Ellison, who ranks a double feature of Blow-Up and Blow Out at the Aero among her 2012 repertory highlights, echoes Bell's affinity for the Cinematheque.

Bell also considers a good meal to be a vital element of the moviegoing experience, explaining, “Each theater is yoked together with a corresponding eatery for after-movie discussion: Canter's or Du-par's for the New Beverly, Izzy's for the Aero.”

Ellison concurs, and is quick to quote Patricia Arquette's character from True Romance by way of explanation: “It's just, after I see a movie, I like to go get a piece of pie and talk about it.”

Despite the riches offered by L.A.-area rep houses, Overbeck finds that creating his own opportunities can only help. “In December, I went to two double features that I made for myself by visiting two different rep houses,” he explains via email. “I went to Cinefamily for Boy Meets Girl, which I coordinated with a few L.A. film friends on Twitter, and then went over to New Beverly for The Devil, Probably with two friends who also made the journey. Then the next day, I went back to Cinefamily for Mauvais Sang and shot over to New Beverly for Le Pont du Nord.”

Such ventures are emblematic of the Los Angeles experience insofar as they tend to entail sitting in traffic, paying for parking and waiting in line. It's also expensive, with the cost of tickets, DVDs and Blu-rays, gas and Netflix subscriptions easily running into the hundreds — if not thousands — of dollars per year. There is a lot of downtime involved, and it's made better with friends: Everyone I spoke to mentioned the shared experience of all this and, like Overbeck, Ellison has used Twitter to coordinate on more than one occasion. (She even attributes the very creation of her group of like-minded friends to the 140-character musings that introduced them to one another.)

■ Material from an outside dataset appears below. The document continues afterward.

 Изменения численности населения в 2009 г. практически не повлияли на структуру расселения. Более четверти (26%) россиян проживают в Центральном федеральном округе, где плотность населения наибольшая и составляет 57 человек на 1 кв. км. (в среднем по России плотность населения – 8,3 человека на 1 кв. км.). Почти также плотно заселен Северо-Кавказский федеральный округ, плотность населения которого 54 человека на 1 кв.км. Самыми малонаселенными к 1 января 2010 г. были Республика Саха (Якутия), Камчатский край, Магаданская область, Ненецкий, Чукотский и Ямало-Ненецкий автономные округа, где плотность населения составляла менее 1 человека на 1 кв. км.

Bell, who says he watched some 400 movies both at home and in theaters last year, was again more traditional in his approach. “I used to collect and collate the screening schedules for all the major retrospective theaters and then winnow down the list, prioritizing according to rarity and print quality,” he says.

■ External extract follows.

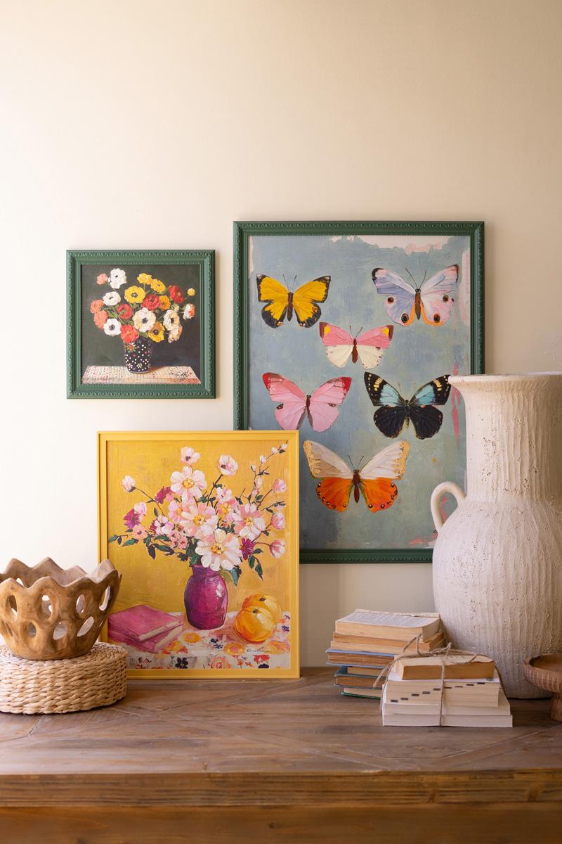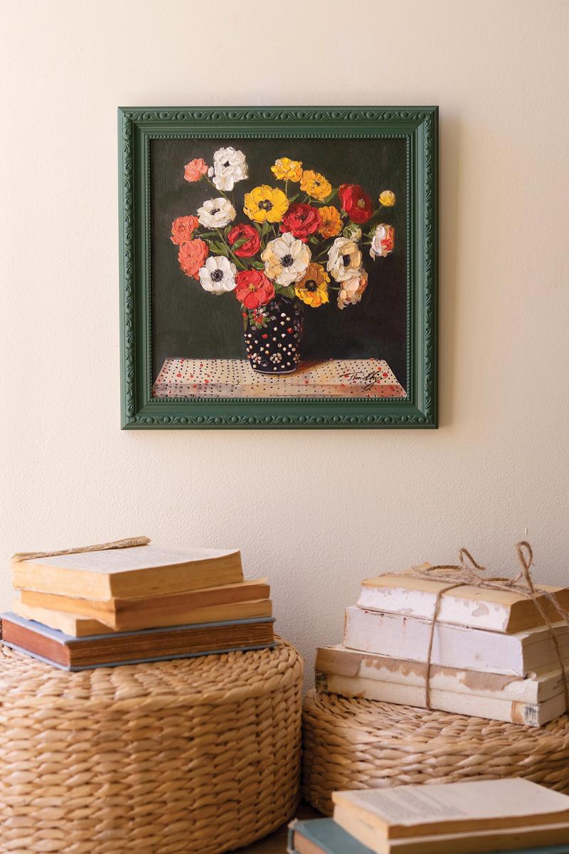 Need a pop of color for a neutral wall? Try this green framed still life of a dark vase with red, white, and yellow flowers. The painting measures 13" square. Textured paint. One sawtooth hanger.

Asked to explain this meticulous technique, he reminds me, “I've always lived outside the city proper, and with gas prices what they are, I need to make sure the trip is worth it.”

In the case of Lawrence of Arabia's 4K digital restoration and the Outback-set horror film Wake in Fright, it seems they were.

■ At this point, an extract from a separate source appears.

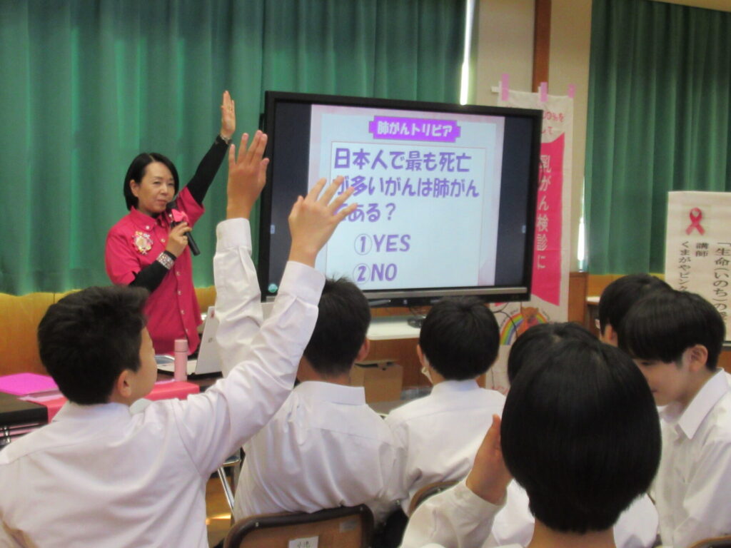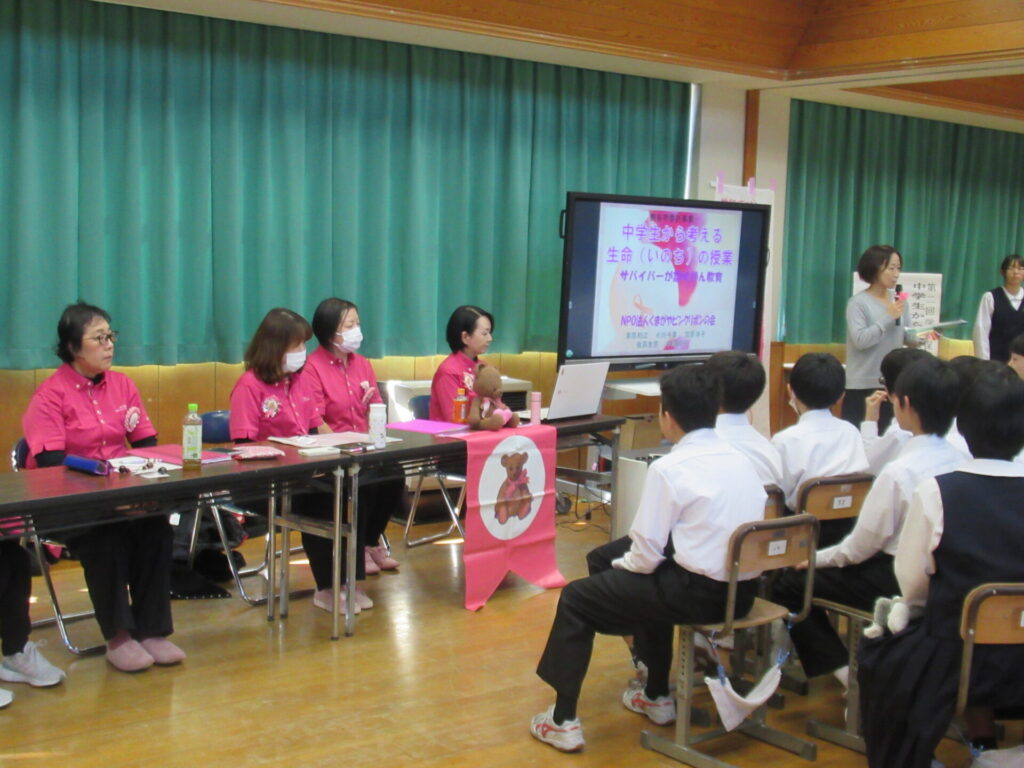 生命(いのち)の授業(1年生) 2025年11月17日 最終更新日時 : 2025年11月18日 kumagaya_edit NPO法人くまがやピンクリボンの会の方々をお招きし、がん予防や検診の重要性などを啓発する「生命(いのち)の授業」を行いました。日本人の死亡原因第1位であるがんの怖さを通して、かけがえのない生命について真剣に考える時間となりました。

For Overbeck, who has worked as an apprentice editor and post-production assistant on a number of films, any reluctance to trek from the Valley to L.A.-area theaters has to do with the decline in celluloid as the default mode of presentation. “I'm less enthusiastic about going to the theater to see a digital print of something that's not essential,” he explains. “I'm much more likely to go out of my way to see a 35mm or 70mm print.”

He cites the Nuart, New Beverly (“still the best value in town”) and ArcLight Hollywood as his favorite venues, though he does wish ArcLight “would try to get more 35mm prints. They seem to be moving away from their boutique quality into a slightly escalated multiplex, but they still pay a good amount of attention to the quality of their presentation.”

For Ellison, seeing Killing Them Softly at the ArcLight one night after watching Leos Carax's Mauvais Sang at Cinefamily stuck out to her as emblematic of “the life of an L.A. cinephile in a snapshot: There I was watching a Megan Ellison–financed, Brad Pitt movie on a Monday night in ArcLight's plush stadium seating, while only 24 hours before I'd been taking in a 1986 French film in one of Cinefamily's character-building wooden seats.” (Those seats, which a successful Kickstarter campaign aims to correct by the end of the year, weren't enough to stop Overbeck from showing up for Jean Eustache's four-hour The Mother and the Whore.)

Ellison also fondly recalls seeing Sean Baker's Starlet at the Sundance Sunset 5 last November. As the credits rolled, she was surprised to find that only one other attendee was staying for the postfilm Q&A. Expecting the discussion to be canceled due to lack of participants, Ellison was elated to find that Baker and three others from the cast and crew were more than willing to spend a full 30 minutes answering questions from the two of them. “That's the kind of thing that restores my faith in humankind and keeps me championing deserving cinematic underdogs.”